Introduction to machine learning Flashcards
What is an AI?
Algorithm capable of learning and making decisions
What is the machine learning pipeline?
- Training: Load data Extract features Train model Evaluate - Testing: Load data Extract features Predict using model Evaluate
(Only difference is that you initally train, and then use the trained model when testing)
Briefly describe the 4 types of machine learning
- Supervised: Humans “teach” the algorithm
- Unsupervised: Algorithm does everything by itself
- Semi-supervised: In between the two previous
- Reinforcement: Algorithm left to itself, but gets
rewarded if it does something correctly
What is classification? How do you calculate loss in classification?
Classification is a classifier used in machine learning. The output is discrete. Loss i calculated by counting the number of misclassified samples.

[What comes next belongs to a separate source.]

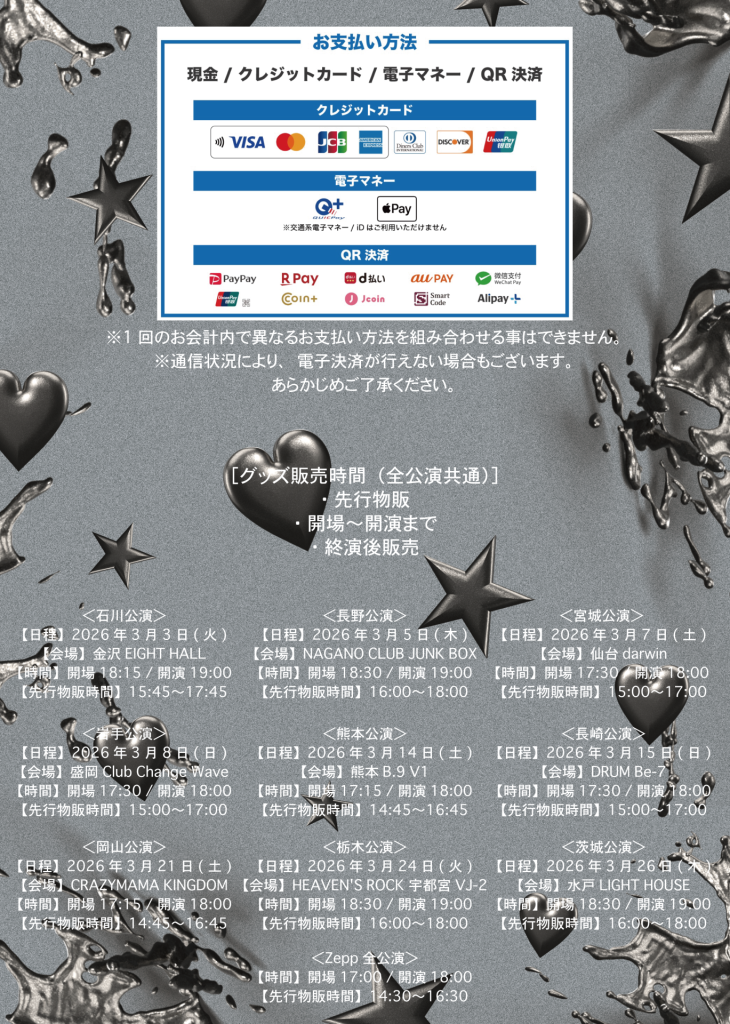 --------------------- 【注意事項】 ※開場・開演時間は変更になる可能性がございます。予めご了承ください。 ※入場券 1枚につき 1名様のみご入場できます。 ※主催都合以外でのチケットの払い戻しは致しません。 ※チケットの営利目的の購入申し込み、及び転売行為は一切禁止です。転売されたチケットは無効となりご入場出来ません。 ※電⼦チケットをご購⼊のお客様は、ご来場の際は必ず電⼦チケットが提⽰できるスマートフォンをお持ちください。 ※スマートフォンやチケットの破損、紛失や充電切れなどでチケットが確認できない場合はご入場いただけませんのでご注意ください。 ※会場内では係員及び警備員の指示に従っていただくようお願い致します。もし指示に従っていただけないような場合にはご退場いただくこともありますので、ご了承ください。 ※コンサート本番中の撮影は画像、動画に関わらず一切禁止となります。もし撮影が発覚した場合は、その場でスタッフが画像、動画データを削除させていただきます。 ※会場内でのモッシュ、ダイブ等の危険⾏為、また、お客様同⼠で押し合ったり、ご⾃⾝の座席以外の使⽤等、他のお客様のご迷惑になるような⾏為は⼀切禁⽌となります。 係員の指⽰及び注意に従わずに⽣じた事故やトラブルについて、主催者、出演者、関係各所は⼀切の責任を負いかねます。 ※会場周辺でのアーティストの入り待ち・出待ち行為はお止めください。 ※発熱・体調がすぐれない場合のご来場はお控えください。

What is regression? How do you calculate loss in regression?
Regression is another classifier. The output is continuous. Loss is calculated by squaring (to avoid outliers) and adding up and taking the average.
What are some other classifiers (besides classification and regression)?

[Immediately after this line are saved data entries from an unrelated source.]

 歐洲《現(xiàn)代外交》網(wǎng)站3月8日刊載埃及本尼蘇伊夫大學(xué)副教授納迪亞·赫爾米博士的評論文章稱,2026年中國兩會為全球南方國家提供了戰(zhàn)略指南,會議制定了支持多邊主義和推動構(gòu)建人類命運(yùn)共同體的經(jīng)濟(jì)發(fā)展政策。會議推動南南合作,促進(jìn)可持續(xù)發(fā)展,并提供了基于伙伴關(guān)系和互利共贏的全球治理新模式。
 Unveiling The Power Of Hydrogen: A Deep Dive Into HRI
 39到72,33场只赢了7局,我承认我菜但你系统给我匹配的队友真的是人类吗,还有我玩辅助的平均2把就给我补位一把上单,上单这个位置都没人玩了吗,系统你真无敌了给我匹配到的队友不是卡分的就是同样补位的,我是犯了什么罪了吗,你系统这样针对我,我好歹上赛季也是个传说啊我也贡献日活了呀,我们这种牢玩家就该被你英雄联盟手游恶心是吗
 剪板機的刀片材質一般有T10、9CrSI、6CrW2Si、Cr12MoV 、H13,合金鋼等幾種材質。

Mainly tree based models, like Random Forest. Works by using a combination of N decision trees.
What is bagging?
Combining several classifiers. Can reduce variance.
What is the difference between classification and regression? Explain with an example if possible.
Classification has a discrete (categorical). If you are trying to predict house prices, it can tell you which houses might sell for below or above the predicted price (categories).
Regression has a continuous output (numerical). So if predicting housing prices, it actually gives you the predicted price.